The entry of China into this equation is rearranging the chairs. It is messing with this settlement that is otherwise known as neo-colonialism. China understood that the submission of African leaders was an instinctive reaction to the demise of the Lumumbas. China’s entry was to disrupt this settlement.
If the African leaders were robbed of the right to self-define, how could the Chinese dangle this possibility? What if African leaders were told that there was a way they could reclaim the ability to operationalize political and economic governance, that they could rearrange the furniture?
Enter the principle of “non-interference.” Chinese engagement with Africa is premised on the idea that it does not concern itself with the internal affairs of the independent states. In other words, it is an offer for its partners to substantiate independence, to self-define. This is the allure of the Chinese, from the perspective of African leaders.
Credit to the Chinese foreign policy architects. The set of tools at their disposal are diametrically opposed to those deployed by the Europeans and Americans. Whereas the Europeans and Americans usurped Africa’s prerogative to self-define, the Chinese insist that it is none of their business, a sovereign right that must be respected through non-interference.
This is disruptive. The disruption has been far-reaching. The traditional territorial subdivision of Africa along external interests increasingly makes less sense, for instance. Chinese influence cuts across Lusophone, Anglophone, French, British, and even American spheres of influence.
Consequently, these countries are being pressured to fight back to fortify their positions.

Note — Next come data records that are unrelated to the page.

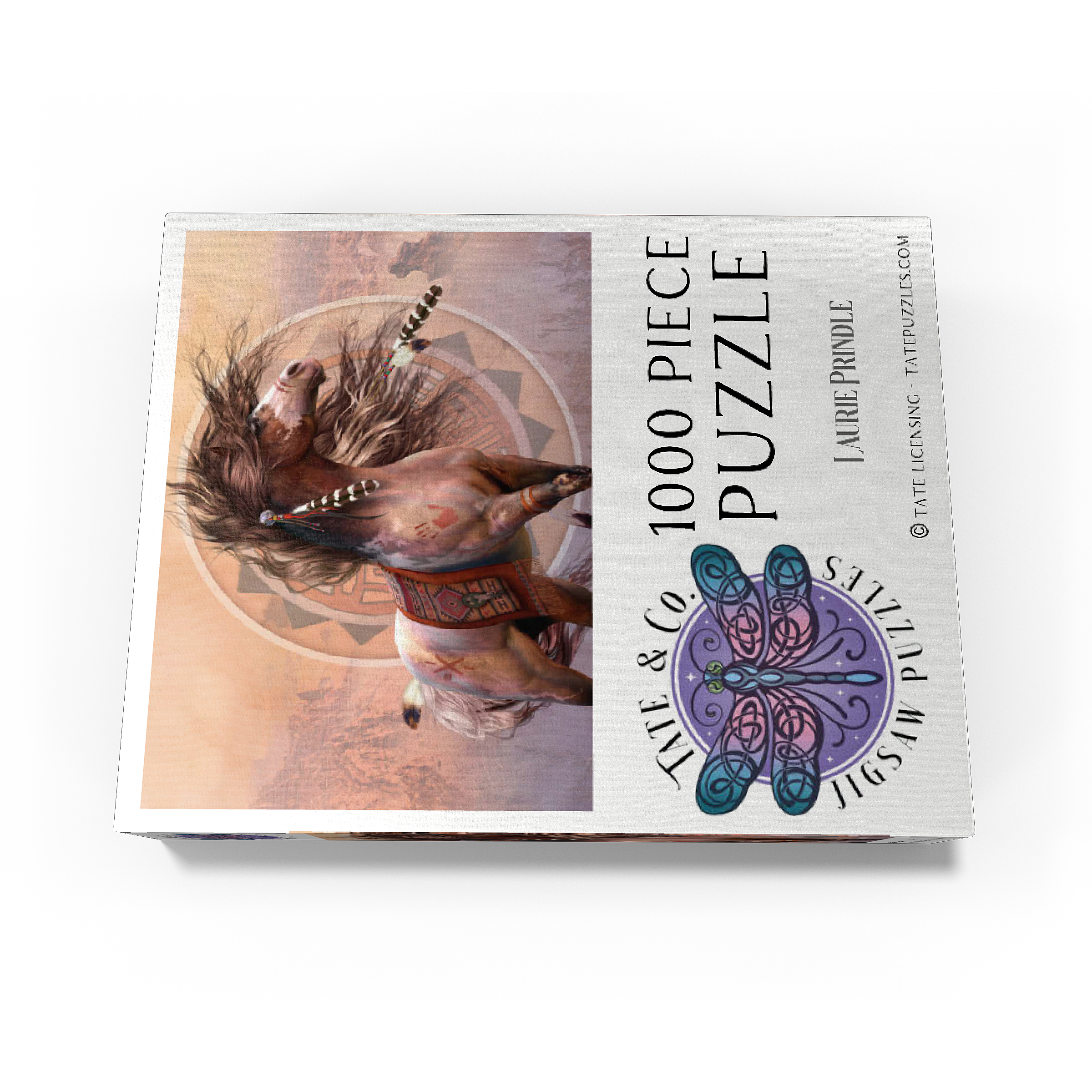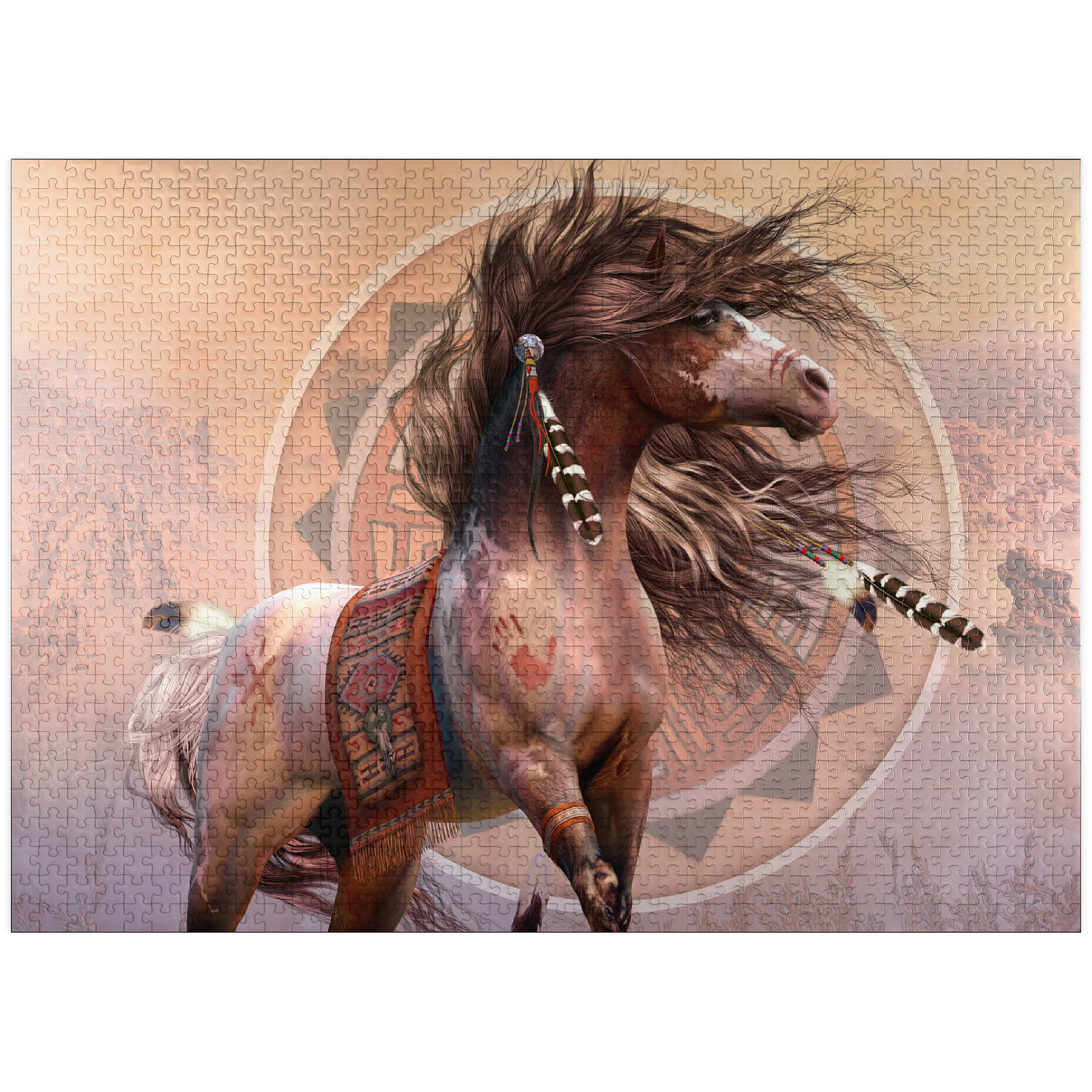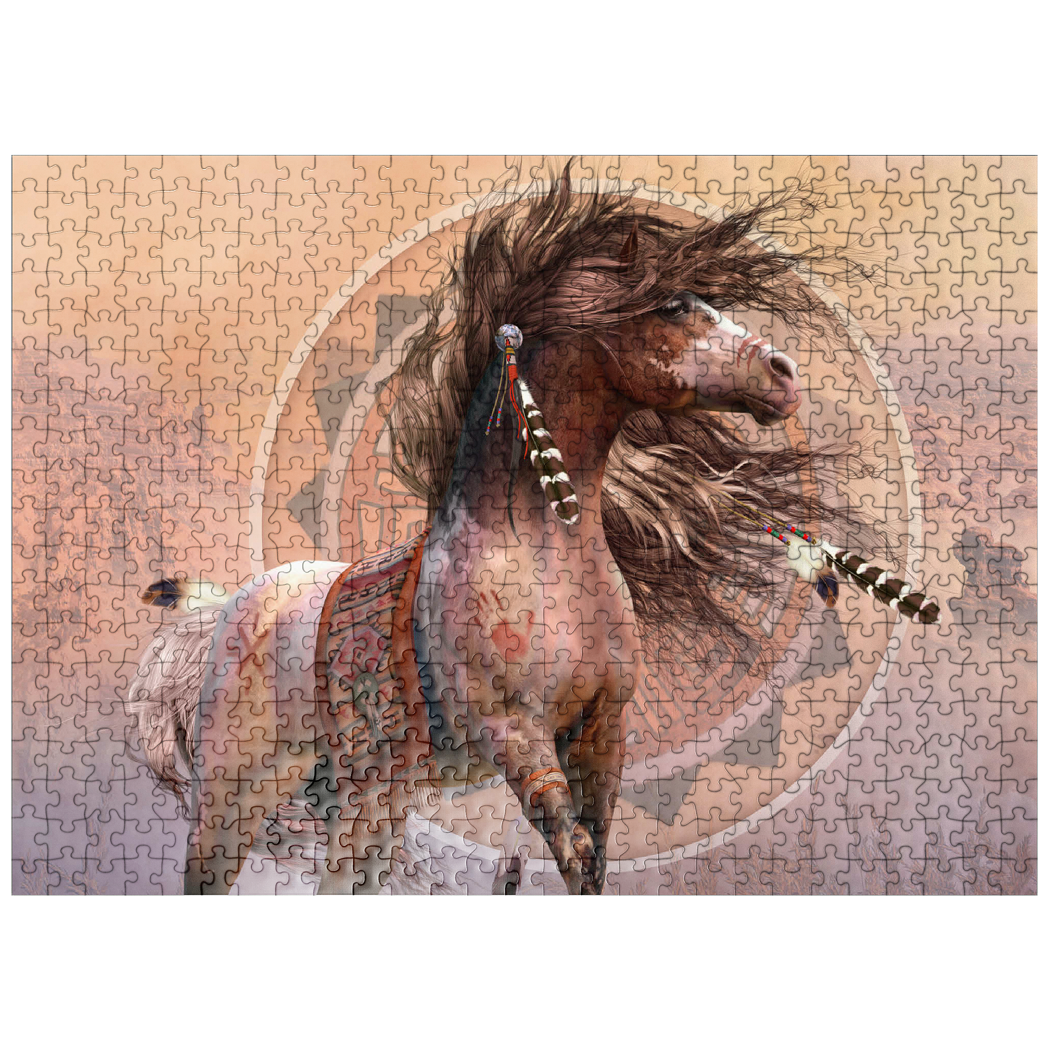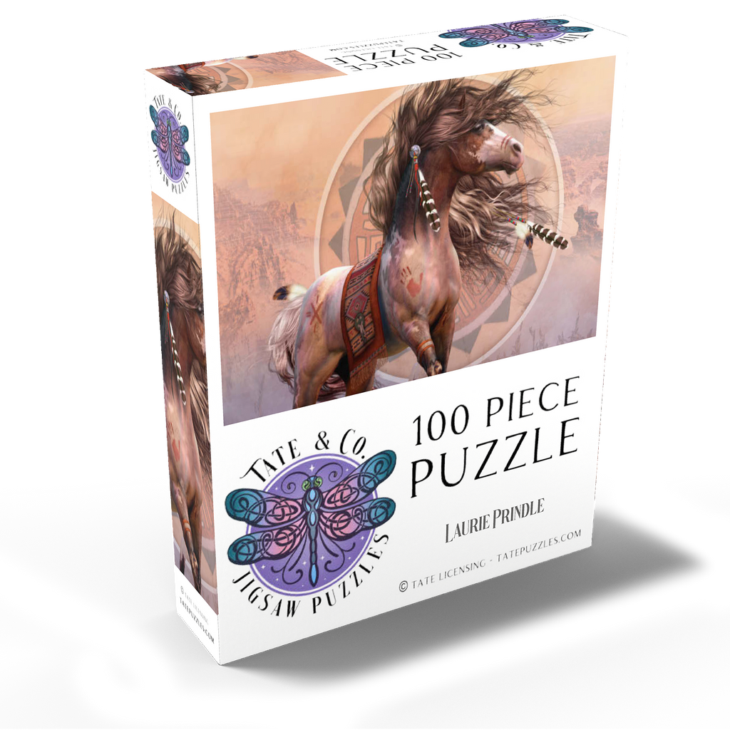 -Spirit Warrior-, one of the most famous of Laurie Prindle's Native American Horse artworks features a striking red roan paint warhorse, decorated with native symbols of honor and strength. With his long, textured mane and tail flowing in the wind, he stands dramatically against a backdrop of red rock mesas and buttes typical of a southwestern desert landscape, and a subtle dreamcatcher design. The majestic warhorse is adorned with traditional Native American accents, including colorful beaded details, feathers, and a native patterned saddle blanket.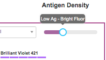 3, and VioBright FITC is rated brightness 5. FluoroFinder displays these ratings during the panel design process to help researchers make quick decisions about fluorochromes’ relative brightness. Users can also prefilter available fluorochromes by using the antigen density slider during marker selection.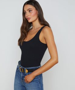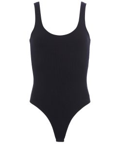 A super-sexy scoopneck bodysuit in true black. Double scoopneck design in a silky soft premium ribbed knit hugs the figure beautifully, from top to bottom. Cheeky silhouette fastens with a two-snap gusset, creating a smooth, line-free look. Style No. 5738CMR-BLAC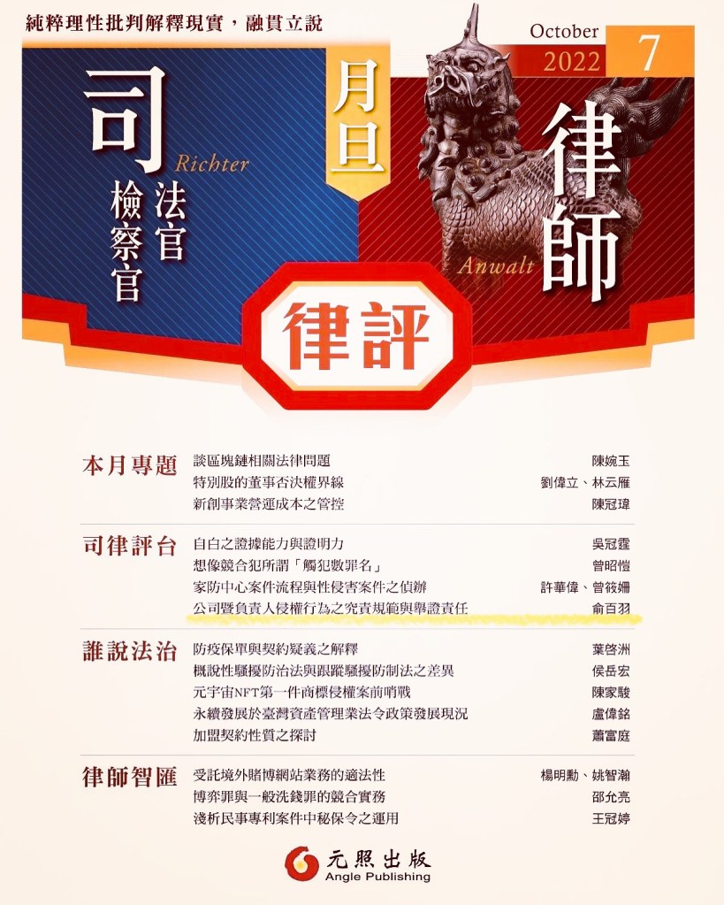 《月旦律評》:〈公司曁負責人侵權行為之究責規範與舉證責任〉

Gradually, they will be forced to meet the Chinese on their terrain: they will dangle the right to self-definition.
In 2019 President Trump unveiled the “Prosper Africa” strategy that was exactly about this need to pivot and viewed as a response to China’s “predatory practices” in Africa. John Bolton, his national security advisor, noted that the strategy is needed for “safeguarding the economic independence of African States and protecting U.S. national security interests.” Significantly, trade and infrastructure development has also been given a prominent role in the new strategy, with over $60bn committed.
It is not only the Americans who have panicked. The British – still believing in soft power – have reinforced the BBC. Over the past couple of years an intensive recruitment drive to attract Africa’s brilliant young talent to fill its Nairobi Bureau – the biggest outside the UK – has been underway.
Historical baggage
Unlike the Americans and Europeans, China does not carry with it historical baggage – slavery and colonialism. On the contrary, it enjoys historical credit due to its stance in support of decolonisation and its observer status to the Non-Aligned Movement serves as a solidarity reference point.
But while China has made inroads in the hearts of Africa leaders, Europe and America remain in the hearts of Africans. The same way the Chinese are relying on the “non-interference” policy as bait to lure African leaders in pursuit of their own interests, the Europeans had deployed the soft power architecture including religion, education, democracy, human rights, and the media as allure to conceal their real interests.
These instruments of persuasion allowed the Europeans to paint Africa in their image over the past century. Similarly, Africa is expected to be painted in the Chinese imagination in this century. Once China has successfully wrestled Africa from the grips of Europe and America, its true colours are expected to emerge – much the same way the true colours of Europeans emerged after the evangelization of Africans.
It behoves the Africans to see the period of non-interference as a grace period and to fortify themselves during the interregnum before the Chinese true colours emerge. The temporary period of non-interference is only tactical – its bait. Expecting that the Chinese will always have a hands-off approach would be naïve – like the naivety of evangelisation. It is a matter of time before they impose themselves. The invisible hand in the coup that removed Robert Mugabe in Zimbabwe is early evidence that Chinese non-interference may end sooner rather than later. So are the “uncoordinated troop movements” in South Sudan via force deployment, to say the least about the scramble for military bases around the Horn of Africa.
Sadly, it appears that when that time comes Africans will not have developed the tools to resist. It will have wasted the interregnum. Those who have taken loans from banks know how useful the grace period can be. Presently, African leaders are not getting the most of the grace period of non-interference.
African leaders are using the relative autonomy – and breathing space – to access Chinese money to implement the European and American prescriptions of what Africa should be. They are not using the interregnum to reflect deeply around rearranging the proverbial furniture in the house of independence. They are not reflecting about self-definition, about what an autonomously derived political and economic governance would look like, what ethos would undergird those, and what direction and ambitions are possible out of such reflection. In other words, there’s little that shows that African leaders have interest in painting Africa in the imagination of Africans.
In whose body will Africans exist this century?